CGTN Europe interviews Elena Sinel at London Tech Week 2026 on preparing young people for the AI era

Elena Sinel invited to interview with CGTN Europe at London Tech Week 2026

Teens in AI Founder & CEO discusses AI education, safety, and the global readiness gap

During London Tech Week 2026, Teens in AI Founder and CEO Elena Sinel joined CGTN Europe for a live interview exploring how young people can be supported to engage with artificial intelligence meaningfully, safely, and with confidence.

🎤 AI education, safety, and the global readiness gap
📅 Tuesday, 9 June 2026
⏰ 14:00-14:30
🏢 Olympia London

The conversation was hosted by journalist Emily Duchenne and the CGTN Europe digital team, recorded during one of the UK’s leading technology gatherings, London Tech Week (8–10 June 2026).

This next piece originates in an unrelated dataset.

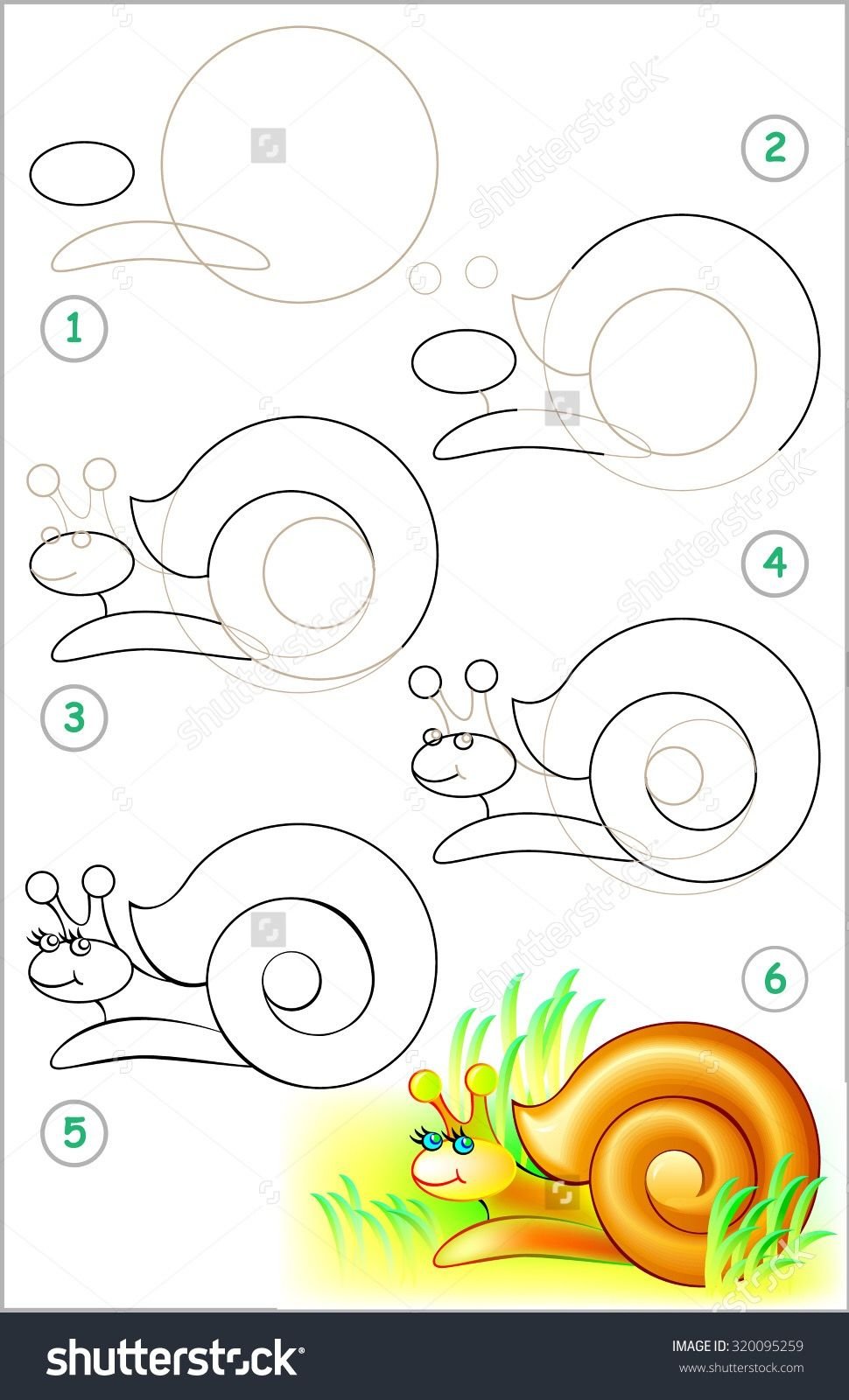 ![Пошаговое рисование улитки]()

Key themes from the interview

The discussion focused on some of the most pressing questions around AI and education today, including:

➡️ How the UK is engaging the younger generation with AI
➡️ What AI adoption looks like across education systems
➡️ Whether safeguarding measures are keeping pace with AI misuse risks
➡️ Why AI literacy is essential for young people’s participation in shaping society
➡️ Whether AI education needs broader and more consistent global implementation

Elena Sinel shared insights from the work of Teens in AI, drawing on direct experience with young people across multiple countries and programmes.

Teens in AI’s White paper, The AI Readiness Gap Starts Early

➡️ The importance of early AI literacy and access.
➡️ Elena highlighted the growing gap between young people who have structured exposure to AI and those who do not, and how this disparity shapes confidence, opportunity, and participation in future-facing careers.
➡️ This aligns with Teens in AI’s wider research and advocacy work on AI education equity, including its white paper: 🔗 The AI Readiness Gap Starts Early

Youth engagement and global implications

The interview also explored how young people are already interacting with AI tools in informal ways, often without structured guidance, and what this means for education systems, policymakers, and industry leaders.

Elena emphasised both the opportunities and the gaps that still exist, particularly around access, understanding, and responsible use of AI technologies.